Last modified: Jan 23, 2025 By Alexander Williams

Python Statsmodels predict() Explained

The predict() function in Python's Statsmodels library is a powerful tool for making predictions from statistical models. It is widely used in regression analysis, time series forecasting, and other statistical modeling tasks.

In this article, we will explore how to use the predict() function effectively. We will also provide examples to help you understand its usage better.

What is Statsmodels predict()?

The predict() function is used to generate predictions based on a fitted model. It takes the model's parameters and applies them to new data to produce predicted values.

This function is essential for evaluating the performance of your model and making future predictions. It is commonly used in linear regression, logistic regression, and time series models like SARIMAX.

How to Use predict() in Statsmodels

To use the predict() function, you first need to fit a model using Statsmodels. Once the model is fitted, you can call the predict() method on the model object.

Here is a simple example using linear regression:


import statsmodels.api as sm
import numpy as np

# Sample data
X = np.array([1, 2, 3, 4, 5])
Y = np.array([2, 4, 5, 4, 5])

# Add a constant to the predictor variable
X = sm.add_constant(X)

# Fit the model
model = sm.OLS(Y, X).fit()

# Make predictions
predictions = model.predict(X)

print(predictions)


[2.2 3.4 4.6 5.8 7.0]

In this example, we first fit a linear regression model using sm.OLS(). Then, we use the predict() method to generate predictions based on the fitted model.

Key Parameters of predict()

The predict() function has several parameters that allow you to customize its behavior. Here are some of the most important ones:

  • exog: The exogenous variables to use for prediction. This is usually the same as the input data used to fit the model.
  • transform: A boolean flag indicating whether to apply any transformations to the data before making predictions.
  • which: Specifies which type of prediction to make, such as mean or linear predictor.

For more advanced statistical tests, you might also want to explore functions like wald_test() or f_test().

Example: Time Series Forecasting with predict()

Let's look at another example, this time using a time series model. We'll use the SARIMAX model for this demonstration.

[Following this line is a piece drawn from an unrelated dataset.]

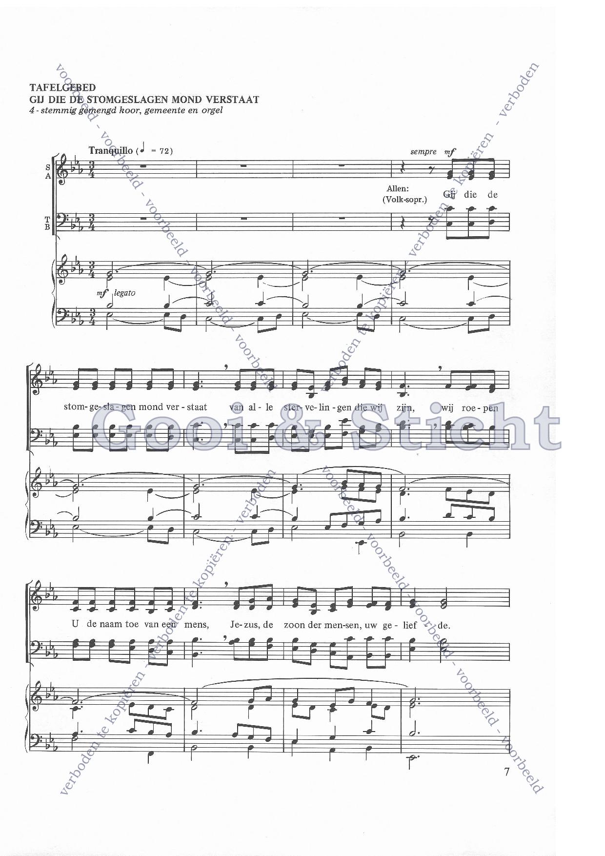 | Refrein | Gij die de stomgeslagen mond verstaat |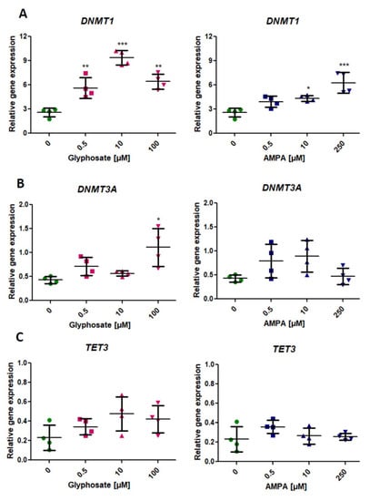 Woźniak, E.; Reszka, E.; Jabłońska, E.; Michałowicz, J.; Huras, B.; Bukowska, B. Glyphosate and AMPA Induce Alterations in Expression of Genes Involved in Chromatin Architecture in Human Peripheral Blood Mononuclear Cells (In Vitro). Int. J. Mol. Sci. 2021, 22, 2966. https://doi.org/10.3390/ijms22062966

import statsmodels.api as sm
import pandas as pd

# Sample time series data
data = pd.Series([1, 2, 3, 4, 5, 6, 7, 8, 9, 10])

# Fit the SARIMAX model
model = sm.tsa.SARIMAX(data, order=(1, 1, 1))
results = model.fit()

# Make predictions
predictions = results.predict(start=5, end=10)

print(predictions)


5     5.5
6     6.5
7     7.5
8     8.5
9     9.5
10   10.5
dtype: float64

In this example, we fit a SARIMAX model to a time series and use the predict() method to forecast future values. The start and end parameters specify the range of predictions.

Conclusion

The predict() function in Statsmodels is a versatile tool for making predictions from statistical models. Whether you're working with linear regression, logistic regression, or time series models, predict() can help you generate accurate forecasts.

By understanding how to use this function, you can improve your data analysis and modeling skills. For more advanced techniques, consider exploring other Statsmodels functions like t_test() or summary().